Any snail enthusiast knows that their favorite creatures’ shells follow certain stead-fast rules: They are cone shaped, right handed, and spiral on a single axis logarithmically. Well, let me just tell you what a shock it was to the snail community when scientists recently discovered the Opisthostoma vermiculum in Malaysia. The snail version of James Dean, the Opisthostoma vermiculum’s shell breaks all the rules and answers to no one. Do you think you’re the boss of it? You’re not.

What a Hell’s Angel’s shell would look like if he wore one…
Seen in the picture above the Opisthostoma vermiculum shell rotates on four different axises (I apologize if you just spit out your coffee on your computer screen). In order to do this, the snail must have twisted inside its shell as it was forming. The shell also …

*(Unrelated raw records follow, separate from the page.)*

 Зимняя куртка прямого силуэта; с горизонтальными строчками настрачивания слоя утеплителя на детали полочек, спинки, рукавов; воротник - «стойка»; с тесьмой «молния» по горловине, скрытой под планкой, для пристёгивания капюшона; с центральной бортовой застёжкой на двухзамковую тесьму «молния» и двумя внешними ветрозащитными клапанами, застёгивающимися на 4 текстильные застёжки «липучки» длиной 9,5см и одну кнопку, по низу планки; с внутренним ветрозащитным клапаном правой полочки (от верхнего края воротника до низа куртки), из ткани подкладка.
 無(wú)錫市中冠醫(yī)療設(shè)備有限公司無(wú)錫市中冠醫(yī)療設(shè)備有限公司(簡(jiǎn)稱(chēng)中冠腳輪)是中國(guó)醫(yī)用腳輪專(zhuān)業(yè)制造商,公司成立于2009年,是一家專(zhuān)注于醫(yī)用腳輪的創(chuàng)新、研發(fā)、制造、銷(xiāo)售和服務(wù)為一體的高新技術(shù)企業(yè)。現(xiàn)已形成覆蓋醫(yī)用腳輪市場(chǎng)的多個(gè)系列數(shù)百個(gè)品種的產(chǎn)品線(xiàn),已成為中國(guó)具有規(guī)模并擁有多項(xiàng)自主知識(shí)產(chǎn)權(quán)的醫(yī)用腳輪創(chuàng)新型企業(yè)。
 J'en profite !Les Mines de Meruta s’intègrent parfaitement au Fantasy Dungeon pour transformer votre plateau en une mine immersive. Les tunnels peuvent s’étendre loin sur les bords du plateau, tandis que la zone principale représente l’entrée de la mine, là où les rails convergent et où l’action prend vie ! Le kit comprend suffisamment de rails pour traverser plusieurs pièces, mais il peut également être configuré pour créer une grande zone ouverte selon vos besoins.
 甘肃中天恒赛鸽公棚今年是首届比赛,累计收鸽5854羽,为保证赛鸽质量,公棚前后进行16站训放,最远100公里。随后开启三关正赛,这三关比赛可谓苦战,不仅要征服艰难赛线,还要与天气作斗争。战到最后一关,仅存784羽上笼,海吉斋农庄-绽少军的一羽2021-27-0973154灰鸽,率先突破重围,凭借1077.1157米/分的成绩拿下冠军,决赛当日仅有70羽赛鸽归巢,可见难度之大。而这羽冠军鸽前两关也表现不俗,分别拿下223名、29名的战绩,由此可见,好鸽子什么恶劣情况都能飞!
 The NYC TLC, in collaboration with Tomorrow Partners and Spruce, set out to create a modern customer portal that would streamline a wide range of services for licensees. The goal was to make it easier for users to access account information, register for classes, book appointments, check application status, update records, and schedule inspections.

…coils, uncoils and recoils all around itself, detaching and reattaching the whole time. Needless to say, this has never been seen before.
“I thought it was one of mother nature’s practical jokes,” said Reuben Clements from the World Wide Fund for Nature in Selangor, Malaysia, in this article on nytimes.com. Nope, he found a bunch more of the shells in a quarry, and confirmed this is one twisted f-ing snail…literally. Unfortunately, they have yet to find a living sample, so we’re just going to have to hold our breath to find out what it’s looks like. In the meantime, just try to forget everything you’ve ever known about the geometry of snail shells.

An artist’s rendition of what the actual snail probably looks like outside of its shell.